What needs to be done - Look through the data below for the line with "To avoid dust" and the line with "某工程的双代号网络计划如下图所示,则其关键路径时间为 (1) 天,作业F的自由时差为", then transcribe exactly from the first through the second, leaving out all pictures.

Stored data:
--

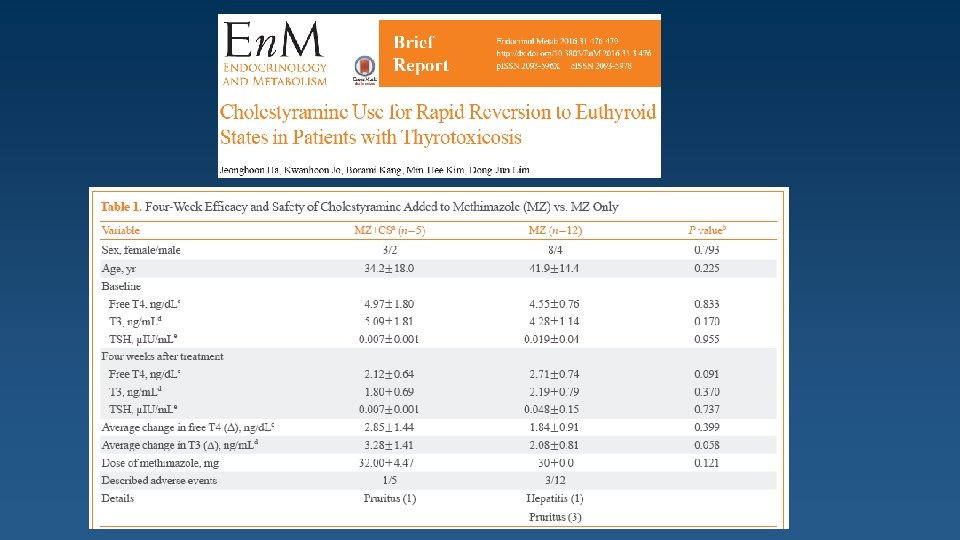 Patient History The patient was treated with Cholestyramine 4 gr. QID for 2 months. Lab. Results TSH : 0. 8 m. IU/L f. T 4 : 1. 2 ng/d. L T 3 : 110 ng/d. L ?
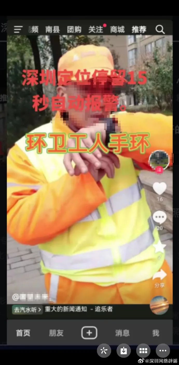深圳環(huán)衛(wèi)工人定位手環(huán)停留15秒自動(dòng)報(bào)警?官方回應(yīng)
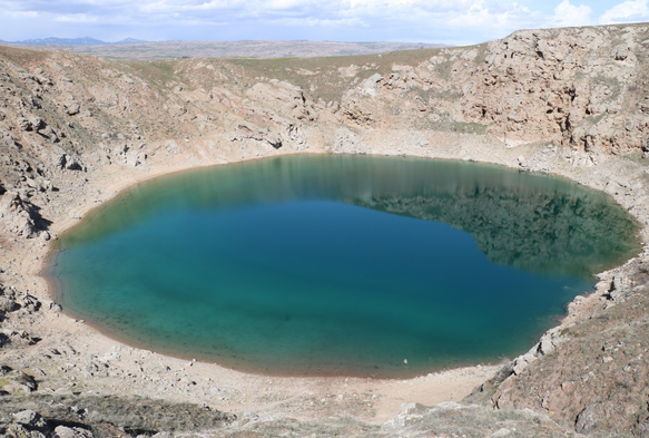 Sivas'ta bulunan ve güneşin konumuna göre renk değiştiren Kızılçan Gölü, soğuk havanın etkisiyle dondu. Sivas'ın en büyük krater göllerinden biri olan Kızılçan Gölü'nde kartpostallık görüntüler oluştu.
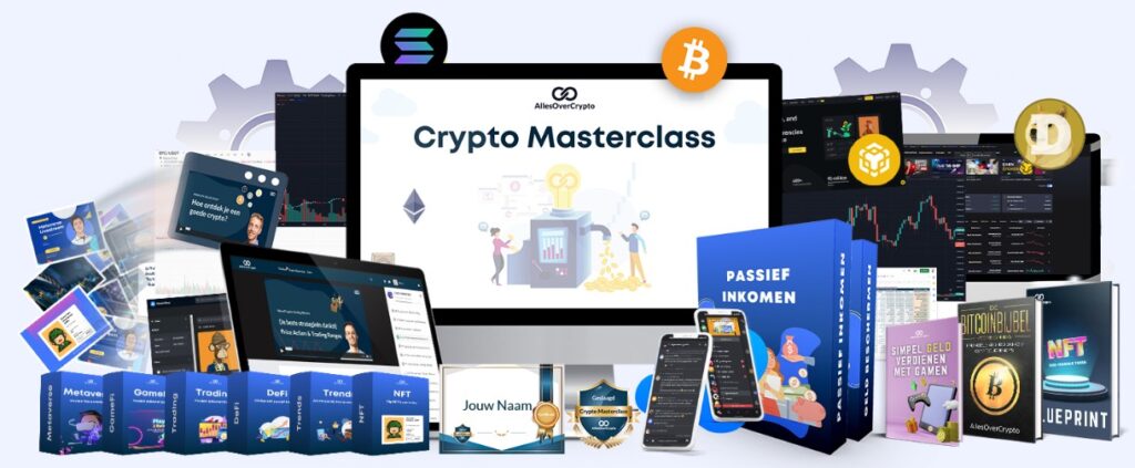 De Crypto masterclass biedt je meer dan 200 lessen voor één prijs. Voor slechts 697 euro krijg je direct toegang tot alle kennis zonder maandelijkse kosten. Dit pakket bevat modules over crypto trading, technische indicatoren en manieren om passief inkomen te verdienen.
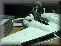 To avoid dust and stability testing by my two cats, I build a vitrine. The baseplate is dark grey plastic and the cover is made of plexiglas (acrylicglas), which I glued (welded) with Dichlormethan (methylene chloride). The two wheel chocks, which you see on some pictures, were home made by etching parts.
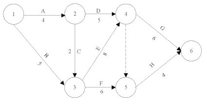某工程的双代号网络计划如下图所示,则其关键路径时间为 (1) 天,作业F的自由时差为 (2) 天,节点5的最迟完成时间为 (3) 天。
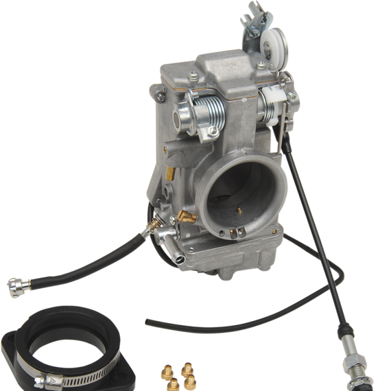 Caracteristicas: These high-performance carbs are ideal for realizing the maximum potential from custom and race engines Include rubber mounting flange with 78mm bolt hole centers, choke cable and four different main jets HSR smoothbore carbs offer excellent throttle response and control Recommended for engines over 120ci or larger For race and custom applications only Use stock H-D throttle cables Made in Japan
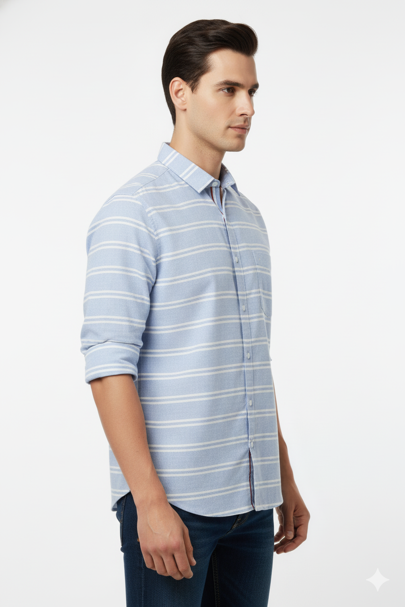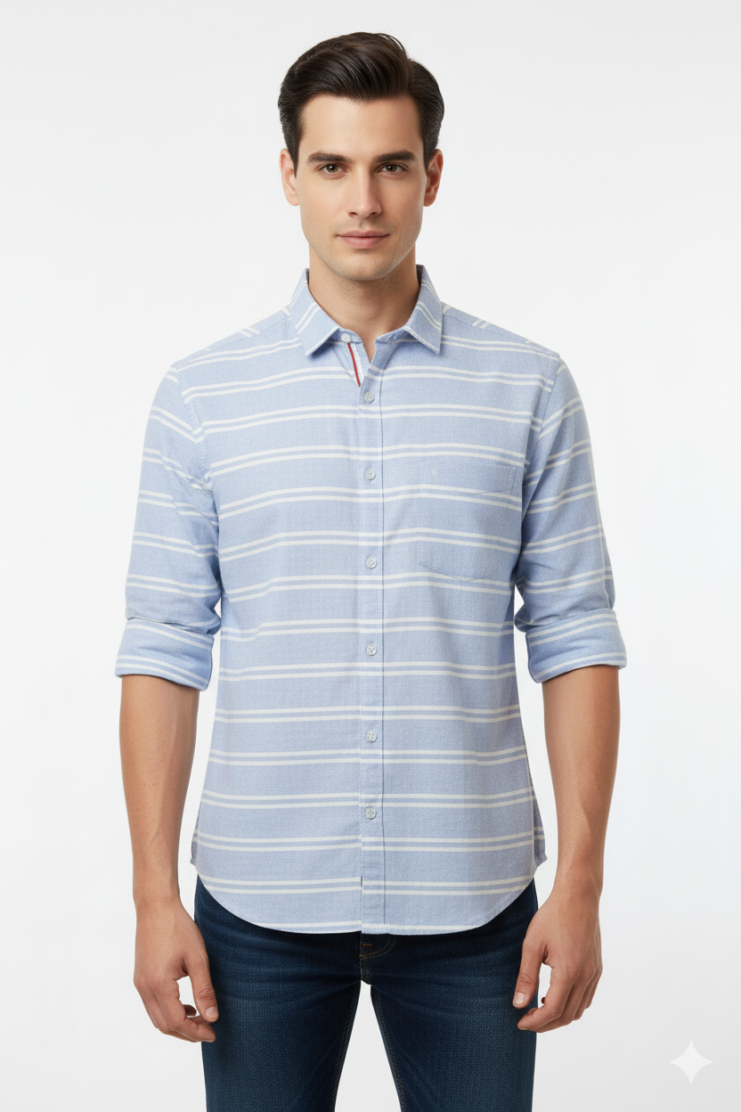 A casual light blue cotton shirt with white horizontal stripes, full sleeves, button-down closure, and a chest pocket. Perfect for relaxed outings and smart-casual wear.
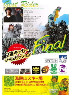 2連キッカーによるJAM セッション 一年の集大成、Tryしたい人、イベントの雰囲気を味わいたい人とにかく雪が大好きな人、参加してみましょう エントリ-費 事前 3000円 当日 4000円 3月20日まで事前扱いです。 エントリー用紙はスキー場の事務所にあります。 FAXでも受け付けます。 直接持ってきた方は事務所、もしくは僕に出してください。 もちろん決勝はかなりのハイスキルが予想されます。 出場される方もちろん大歓迎ですが観戦される方も大歓迎。 ビール片手に見るもよし 友達の応援
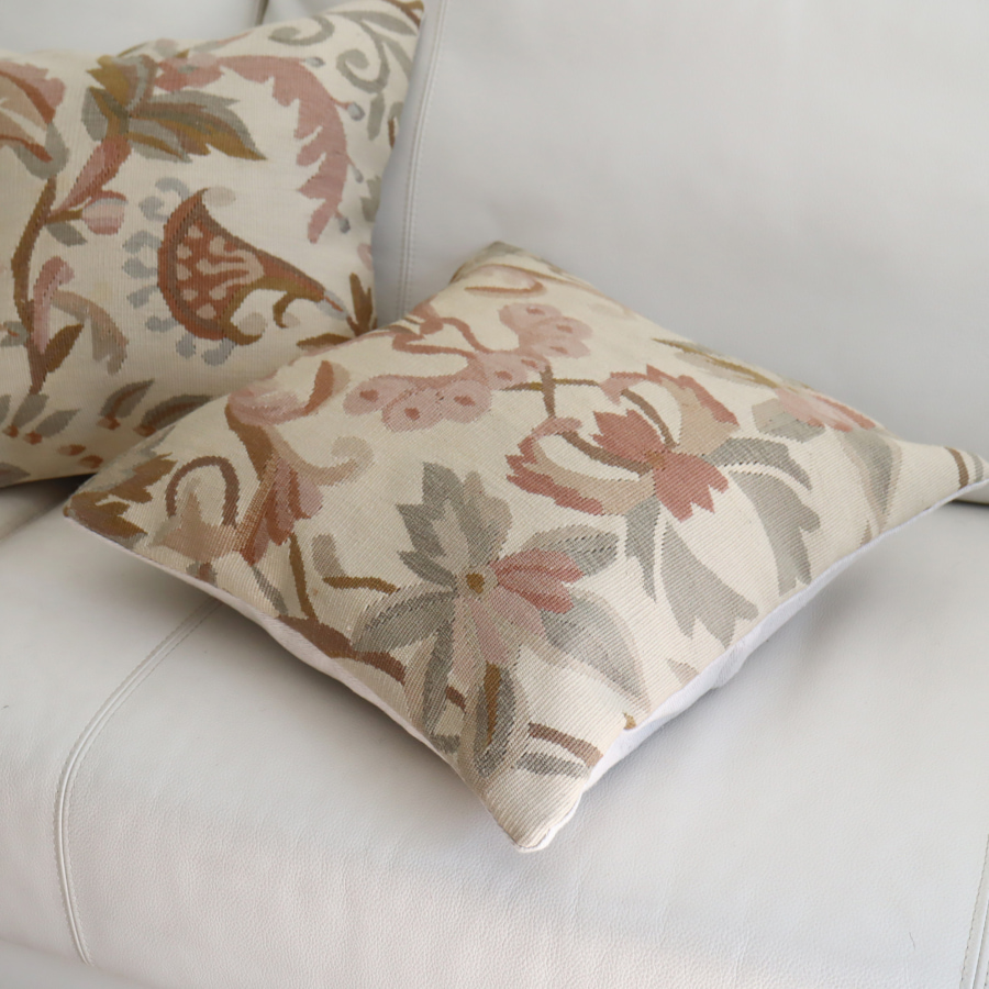 クリーム色のベースに淡いピンクやグリーンで一面に花模様が織り込まれたルーマニア地方のキリムです。もともと大きなサイズのキリムだったようで、連続していたデザインのクッションが20枚ほどはいってきました。ところどころ、色のニジミ、うすいシミなどがありますことをご了承ください。

--

Your solution -
 To avoid dust and stability testing by my two cats, I build a vitrine. The baseplate is dark grey plastic and the cover is made of plexiglas (acrylicglas), which I glued (welded) with Dichlormethan (methylene chloride). The two wheel chocks, which you see on some pictures, were home made by etching parts.
某工程的双代号网络计划如下图所示,则其关键路径时间为 (1) 天,作业F的自由时差为 (2) 天,节点5的最迟完成时间为 (3) 天。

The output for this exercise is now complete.